After L’Afrique fantôme had alienated him from many of his new colleagues, Leiris attempted to keep his artistic and scientific pursuits separate: a professional anthropologist by day and an experimental autobiographer by night. In practice, his interests would remain entangled. With a lifelong curiosity about the malleability of language and the sacredness of poetry, his early novels explore the ways in which language initiates the speaker into mainstream cultural systems. As Surrealism had paved the way for his early output, Leiris’s friendship with the Martinique poet Aimé Césaire and the Irish-born British painter Francis Bacon drove much of the creation of his later paintings. His encounter with Bacon’s work resulted in a deep mutual admiration and inspiration that led to the creation of some of the painter’s finest portraits, with Leiris as sitter.

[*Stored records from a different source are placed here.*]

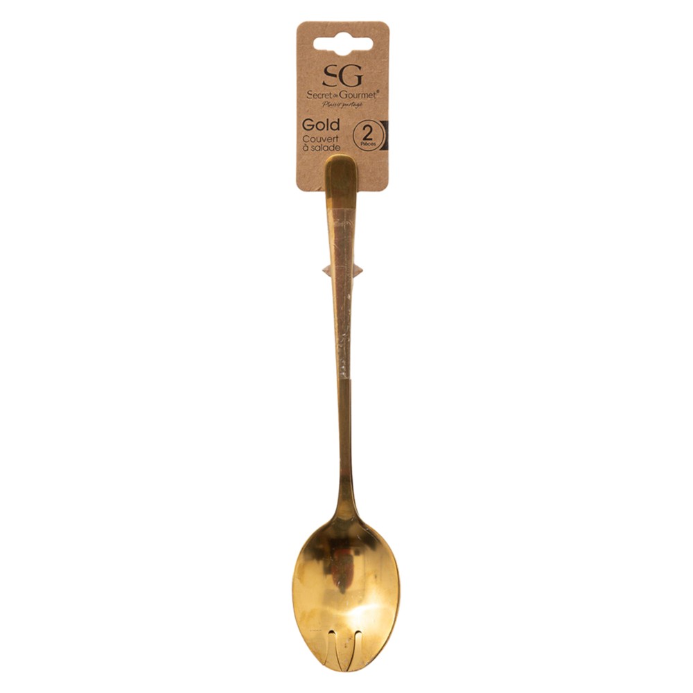 Salad service accessories made of stainless steel with a gold finish have dimensions L. 5 x P. 3 x H. 24 cm. These accessories are designed to facilitate the salad service and present them on the table.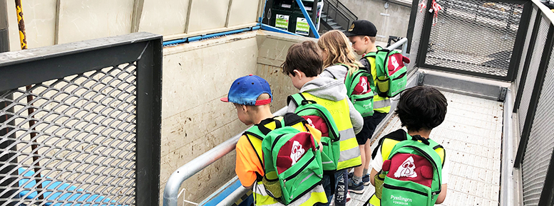 För att lära sig ännu mer om avfall bokade förskolan ett studiebesök på Älta kretsloppscentral. Under besöket fick de lära sig mer om hur man ska sortera sitt avfall, varför man ska göra det och vad som händer med det sedan. Besöket avslutades med en sorteringsövning där barnen visade att de är riktiga kretsloppshjältar som har bra koll på hur man ska sortera.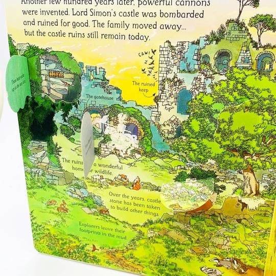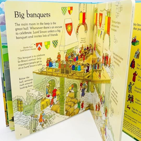 Bao gồm hơn 50 miếng lật giở, độc giả sẽ được hòa mình vào cuộc sống trong tòa lâu đài đồ sộ và lịch sử lâu năm: từ những cuộc săn bắn, căn phòng bếp hay gặp gỡ các chàng hiệp sĩ mà lâu nay ta mới chỉ nghe qua các câu chuyện của bà, mẹ.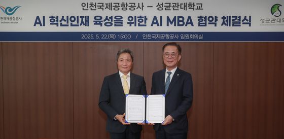 이학재 인천국제공항공사 사장이 24일 인천국제공항공사 삼목교차로에서 열린 합동안전점검 행사에서 해당 사업에 대한 브리핑을 받고 있다. (인천국제공항공사 제공. 재판매 및 DB 금지) 2025.4.24/뉴스1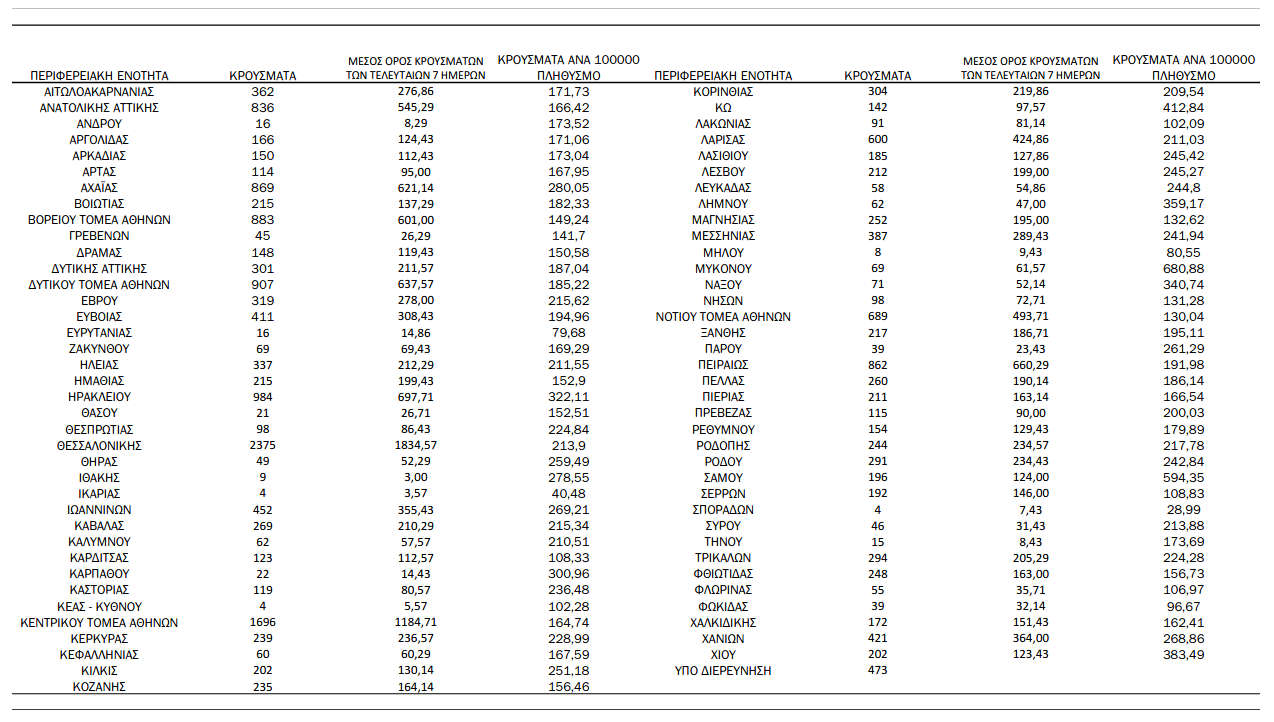 Ελλάδα, Κοζάνη 15/02/2022 Τα νέα κρούσματα κορονοϊού την Τρίτη 15 Φεβρουαρίου – Αυξημένα τα κρούσματα στην Π.Ε. Κοζάνης 0 Ανακοινώθηκαν από τον ΕΟΔΥ σήμερα, 15 Φεβρουαρίου 2022: 21.412 νέα κρούσματα κορονοϊού στη χώρα μας, 77 νέοι θάνατοι και 489 διασωληνωμένοι. Η γεωγραφική κατανομή των κρουσμάτων (κλικ στην εικόνα για μεγέθυνση): Δείγματα που έχουν ελεγχθεί:

Following Leiris’s retirement from the Musée de l’Homme in 1971, the museum became an oddity once more, widely viewed as little more than an old-fashioned cabinet of curiosities. After Leiris’s death in 1990, the museum was pillaged to feed the new Quai Branly Museum in Paris, with 300,000 exhibits removed on presidential orders. Shocked and deflated, the Musée de l’Homme staff endured a six-year period of closure before a €92 million revamp allowed the space to reopen in October 2015 — stripped of most of its finest artifacts, but with an innovative approach to how the history of anthropology itself can be staged to the public. To avoid overlap with the Quai Branly, the new Musée de l’Homme positions itself as neither a museum of civilizations nor of prehistory, aiming instead to shed light on the breadth of human diversity. The permanent collection features a history trail that presents the relationship of the museum with the French resistance during World War II, the work of pre-eminent ethnographic filmmaker Jean Rouch and the architectural evolution of the museum itself. The inaugural temporary exhibition, ‘Chronique d’une renaissance’ (Chronicles of a Rebirth) invited visitors to explore new pathways in anthropological research, such as field recordings of diverse musical traditions, and featured a series of installations by artist Pascale Marthine Tayou exploring how diverse African artistic traditions were conflated into the art nègre that came to captivate Brâncuși, Picasso — and Leiris.

In Leiris’s youth, the avant-garde and anthropology developed and refined their methods in tandem. Today, anthropology has shifted its focus to an examination of material culture, globalization and the experience of an interconnected world. A number of artists such as Mathieu K. Abonnenc — whose film Secteur IX B (2015) is a response to the legacy of the Mission Dakar-Djibouti — Kader Attia, Camille Henrot, as well as Karen Mirza and Brad Butler, frequently explore the place of anthropological research in contemporary practice. For these artists, the place of ethnography as a research method delves deeper than mere superficial affinities between disciplines. Contemporary artists and anthropologists have a lot to reveal to one another about the entangled life stories of objects, urban space and the infrastructures that govern our world, just as the work of Leiris exposed the conflicted position of the self in the pursuit of an impossible objectivity.

Timothy P. A. Cooper is a researcher and essayist. He lives in London, UK.